-- TASK OBJECTIVE --
Starting at the line that contains "大賣場裡隨性彈鋼琴的男孩被找到了 老闆特別邀請他正式彈奏一曲", copy every line to the end of the material below exactly, and omit the pictures.

-- EXERCISE DATA --

============================================================

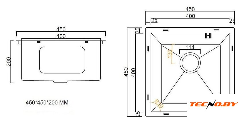 врезная под столешницу, нержавеющая сталь, размеры: 45x45 см
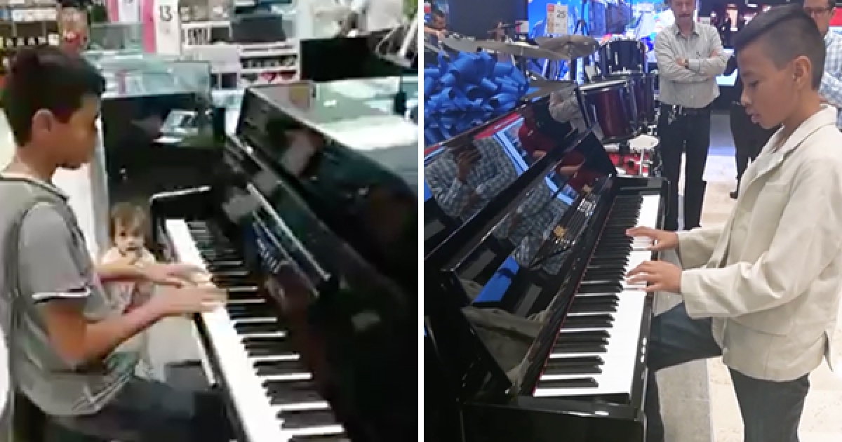 大賣場裡隨性彈鋼琴的男孩被找到了 老闆特別邀請他正式彈奏一曲
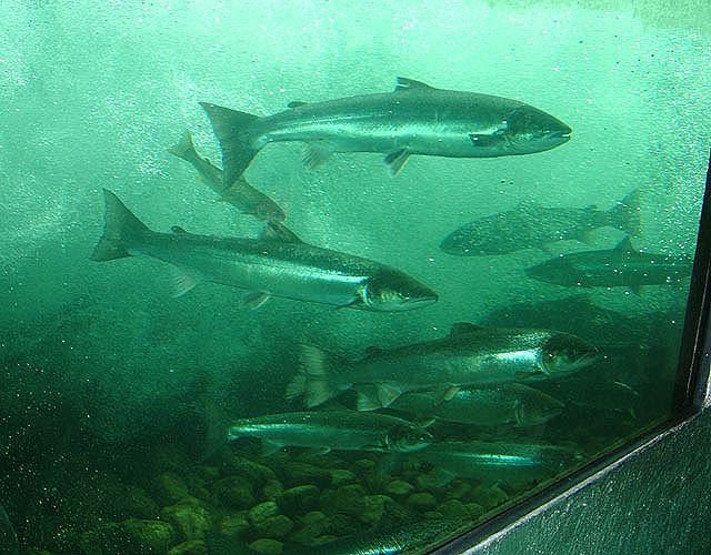 Fisken i "akvariet" står og venter på å bli sluppet videre opp gjennom trappa.
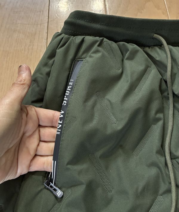 ウエスト部分は、幅広ゴムと内蔵ドローコードでの絞りです。

============================================================

-- EXERCISE ANSWER --
 大賣場裡隨性彈鋼琴的男孩被找到了 老闆特別邀請他正式彈奏一曲
 Fisken i "akvariet" står og venter på å bli sluppet videre opp gjennom trappa.
 ウエスト部分は、幅広ゴムと内蔵ドローコードでの絞りです。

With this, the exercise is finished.